In contrast to the massive deficit in trade in goods, the United States is chalking up a rare surplus in services trade with China that could balloon to $67 billion in eight years, says a report commissioned by American companies.

The United States enjoyed a $2.6 billion surplus in services trade with China in 2005, compared to its colossal goods deficit of $201.6 billion.

But US service sector exports to China are growing faster than to any other country and “by 2015, the service sector current account balance with China could be worth $67 billion,” said a study by global economic forecasting firm Oxford Economics.

The study on often-overlooked US expansion of trade and investment in services was commissioned by the China Business Forum, the research arm of the US-China Business Council (USCBC), a key group of US companies engaged in business with the world’s most populous nation.

It showed that the United States could add as many as 240,000 new, high-paying service industry jobs by 2015 amid the rapidly growing trade.

Despite the deficit, China also stands to gain as its service sector expands, the report said. By 2015, it said, if all the impediments to growth in service sector imports and inflows of investments were removed, the average Chinese household would be better off by between $300 to $400 per year, and up to seven million “high-paying, high productivity” jobs would be created.

The benefit would amount to an additional $138 billion in Chinese gross domestic product, it said.

“This study shows that the future benefits are clearly significant for both the US and Chinese economies if China continues to open its service sector to foreign providers,” John Frisbie, president of the USCBC, told a news conference in Washington where the findings were released.

“The US is the world’s leading service economy and this is an important area for growth,” he said. US service sector exports to China are to a large extent focused in IT, management consultancy and financial services as well as building international transport networks.

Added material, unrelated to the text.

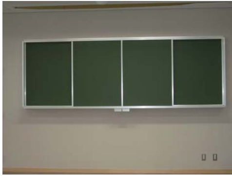
アルミ枠引分式黒板(後ろ面:ホワイトボード)

China is obliged to open up its market to increased service sector imports and inflows of investment in order to comply with its World Trade Organization (WTO) agreement.

“Our research shows that implementing China’s WTO commitments is an essential first step to maximizing the advantages for both economies of service sector trade and investment,” said Erik Britton, director of Oxford Economics and lead author of the study.

“If China increases the pace and scope of reform in the sector, the benefits will be even more substantial and long-lasting,” he said.

By 2050, according to the study, China will become the world’s largest market for services.

US service sector exports to China “in the long run” could reach between 1.5 per cent and 3.5 per cent of US gross domestic product.

In 2010, the average US household would be better off by about 500 dollars a year as a result of growth in services trade with China, the study said. It identified “serious impediments” to the growth of China’s service sector, including “excessively opaque and inconsistent” application of rules and regulations governing foreign exports and investment.

Other restraints were Beijing’s “excessive” support for domestic state-owned service providers and bureaucratic burdens for foreign service providers.